A circular coil has a 10.0 cm radius and consists of 30.0closely wound turns of wire. An externally produced magnetic field of magnitude 2.60mTis perpendicular to the coil. (a) If no current is in the coil, what magnetic flux links its turns? (b) When the current in the coil is 3.80 Ain a certain direction, the net flux through the coil is found to vanish. What is the inductance of the coil?

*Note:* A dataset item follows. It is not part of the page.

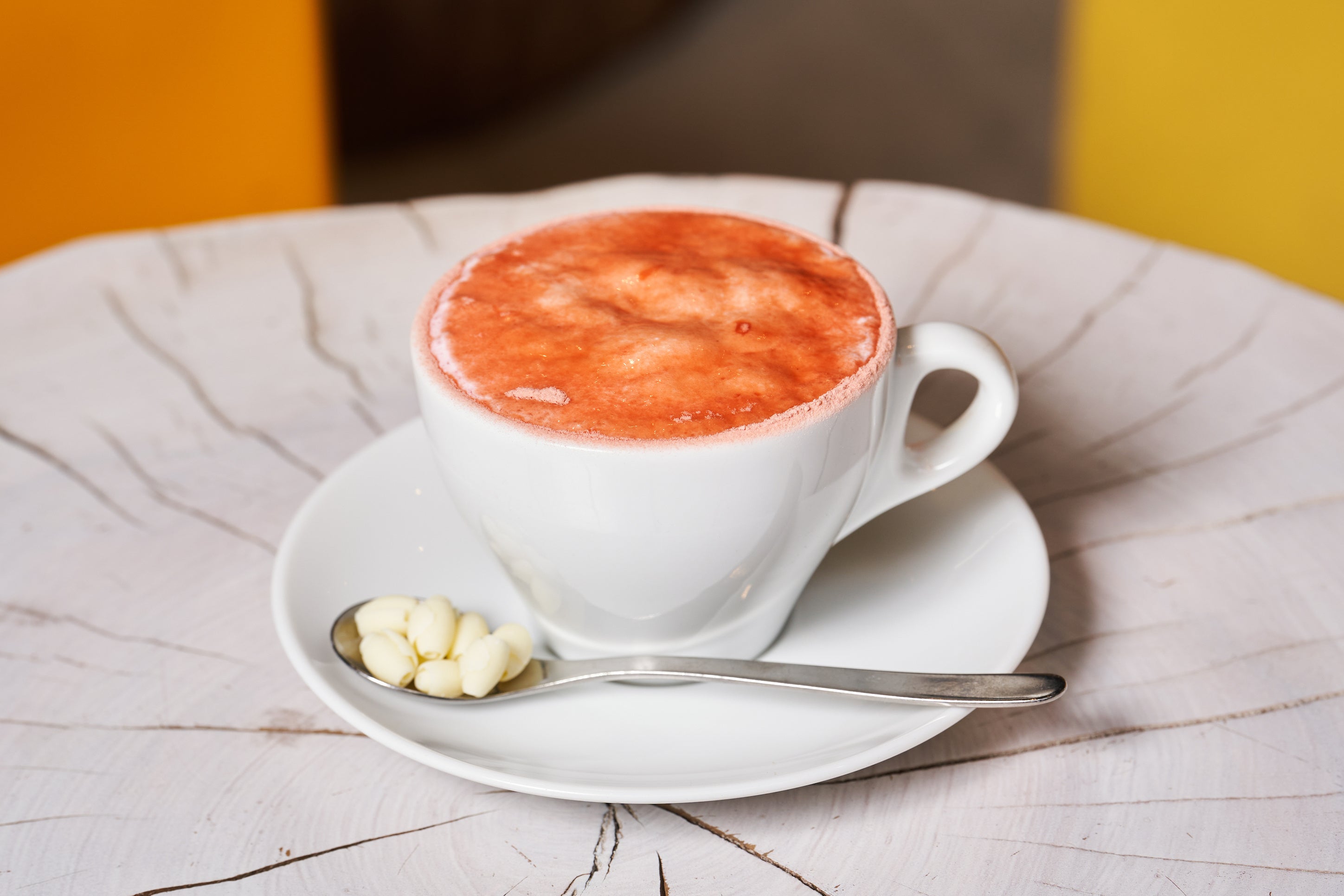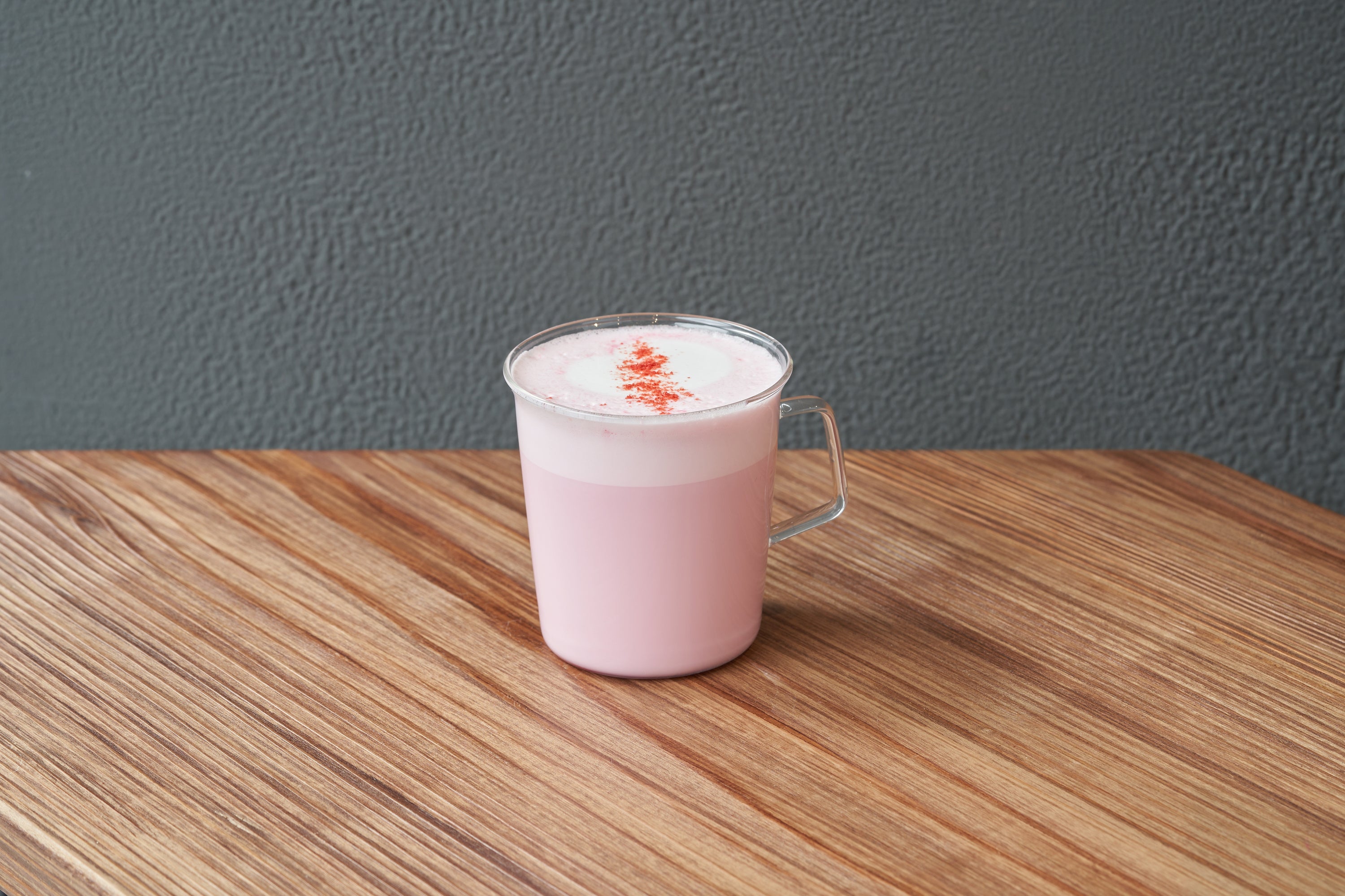 ルビーのフルーティーな甘みのチョコレート、ストロベリーシロップ、ミルクを合わせたオリジナルラテです。
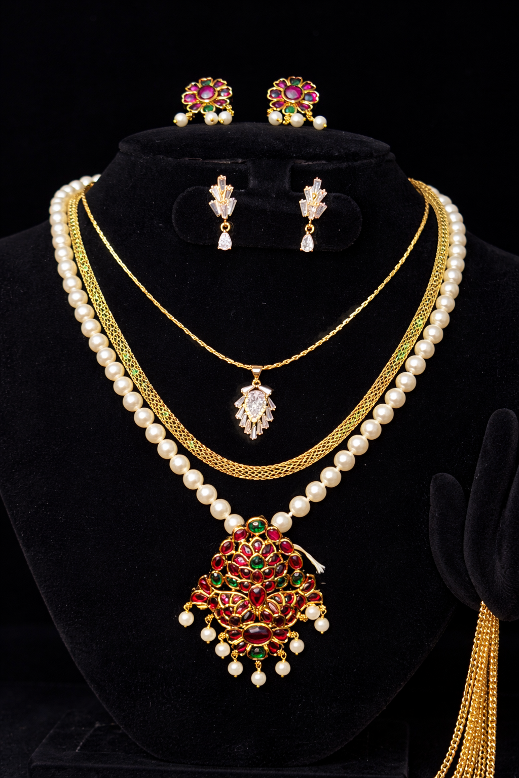 & Free ShippingA graceful fusion of pearls, kundan stones, and gold-tone detailing. This layered pendant set is designed for refined occasions, offering a timeless look that complements both traditional and festive outfits.

1. Radius of the circular coil,$R=10.0\mathrm{cm}=10\times {10}^{-2}\mathrm{m}$
2. Number of turns, N = 30
3. Magnetic field strength, $B_{ext}=2.60\times {10}^{-3}\mathrm{T}$
4. Current though the coil, i = 3.80 A

We know that magnetic flux through the coil is proportional to the current flowing through that coil and the proportionality constant is the inductance of that coil. The inductance of the coil depends on the number of turns of the coil. Flux through a single turn multiplied by a total number of turns gives the total flux through that coil.

Formula:

1. Magnetic flux, ${\varphi }_B=Li$

2. Magnetic flux through the coil having N turns, $\varphi =N{\varphi }_B$

3. Inductance of the coil with N turns,

$L=\frac{N{\varphi }_B}{i}$

Magnetic flux over the surface attached to the closed loop

${\varphi }_B=\oint \overrightarrow{B}.d\overrightarrow{A}=BA=2.60\times {10}^{-3}\times \mathrm{\pi }\times {\left(10\times {10}^{-2}\right)}^2=8.164\times {10}^{-7}\mathrm{Wb}$

Where $A=\mathrm{\pi }{R}^2$is the area of the loop now

Magnetic flux through the coil having N turns

$$\begin{gathered} \mathrm{\varphi }={\mathrm{N\varphi }}_{\mathrm{B}}=30\times 8.164\times {10}^{-7}=2.449\times {10}^{-3}\mathrm{Wb} \\ \mathrm{\varphi }\approx 2.45\times {10}^{-3}\mathrm{Wb} \end{gathered}$$

Inductance of the coil with N turns

$$\begin{gathered} L=\frac{N{\varphi }_B}{i} \\ =\frac{\varphi }{i} \\ L=6.447\times {10}^{-4}\mathrm{H} \\ \approx 6.45\times {10}^{-4}\mathrm{H} \end{gathered}$$

Therefore, the inductance of the coil is $6.45\times {10}^{-4}\mathrm{H}$.